Pemilihan hotel berbintang di luar daerah memicu pertanyaan publik mengenai urgensi dan pertimbangan efisiensi. Sejumlah pihak menilai, finalisasi laporan keuangan sejatinya dapat dilaksanakan di kantor pemerintah daerah atau fasilitas milik daerah dengan biaya yang jauh lebih hemat.

“Yang disorot bukan hanya kemewahan hotelnya, tapi juga kenapa harus di luar Lebak.

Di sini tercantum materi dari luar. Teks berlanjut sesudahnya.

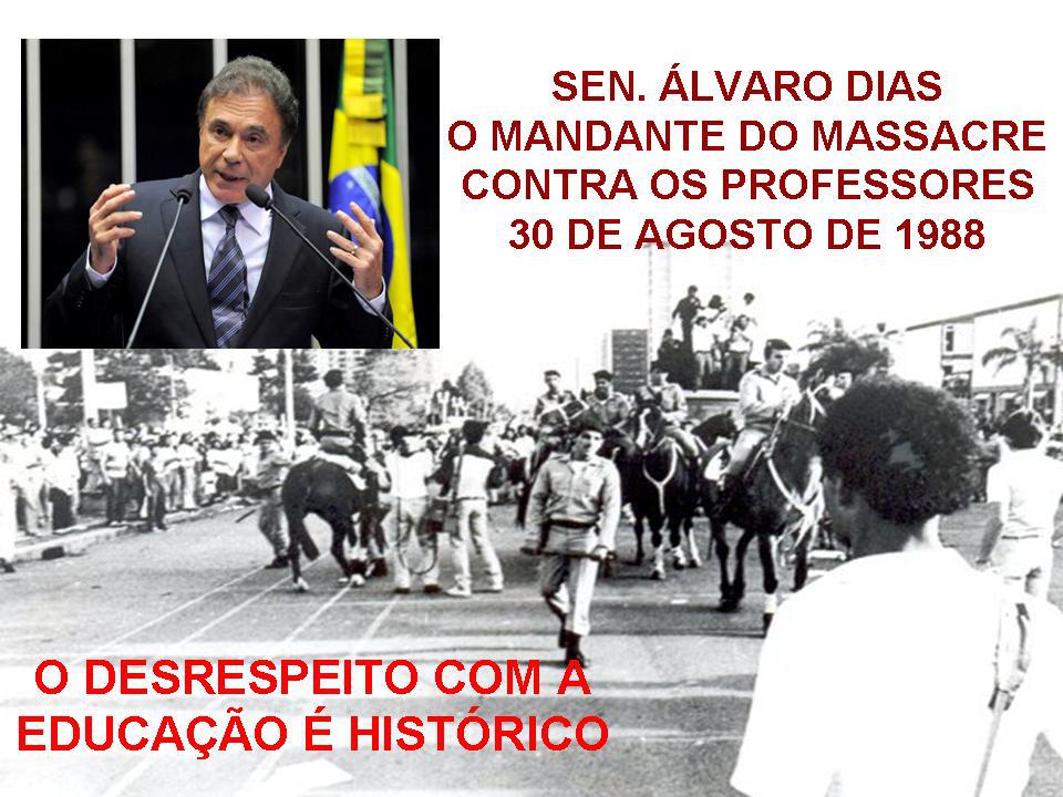 O senador Álvaro Dias (do mesmo PSDB do Richa) também costumava colocar a tropa na rua para bater em professores. Todos os anos, no dia 30 de agosto, os professores paranaense lembram o episódio do “massacre” dos grevistas; em 30 de agosto de 1988, quando o tucano governava o estado, o Batalhão de Choque e a Cavalaria da PM foram utilizados para dispersar educadores em greve que protestavam em frente ao Palácio Iguaçu (sede do governo estadual). Vê abaixo matéria do Blog do Esmael, de 2014 sobre o tema.

Ini berpotensi pemborosan dan menimbulkan kesan kurang peka terhadap kondisi layanan Puskesmas,” ujar Uben Salim Pemerhati Kebijakan Publik di Rangkasbitung, Jumat (30/1/2026)

Sorotan ini semakin menguat mengingat masih adanya Puskesmas di Kabupaten Lebak yang menghadapi keterbatasan sarana, prasarana, dan kebutuhan peningkatan kualitas pelayanan. Kondisi tersebut dinilai kontras dengan penyelenggaraan kegiatan keuangan di lokasi berbiaya tinggi.

Selain dinilai boros, pelaksanaan kegiatan di luar daerah juga dianggap tidak mendukung optimalisasi fasilitas lokal serta perputaran ekonomi di Kabupaten Lebak sendiri.

Sementara itu,Sekretaris Dinas Kesehatan Kabupaten Lebak, Abdul Hakim, menjelaskan bahwa kegiatan tersebut dilakukan atas dasar kebutuhan teknis penyelesaian laporan keuangan Puskesmas yang harus segera dirampungkan untuk kepentingan review Inspektorat.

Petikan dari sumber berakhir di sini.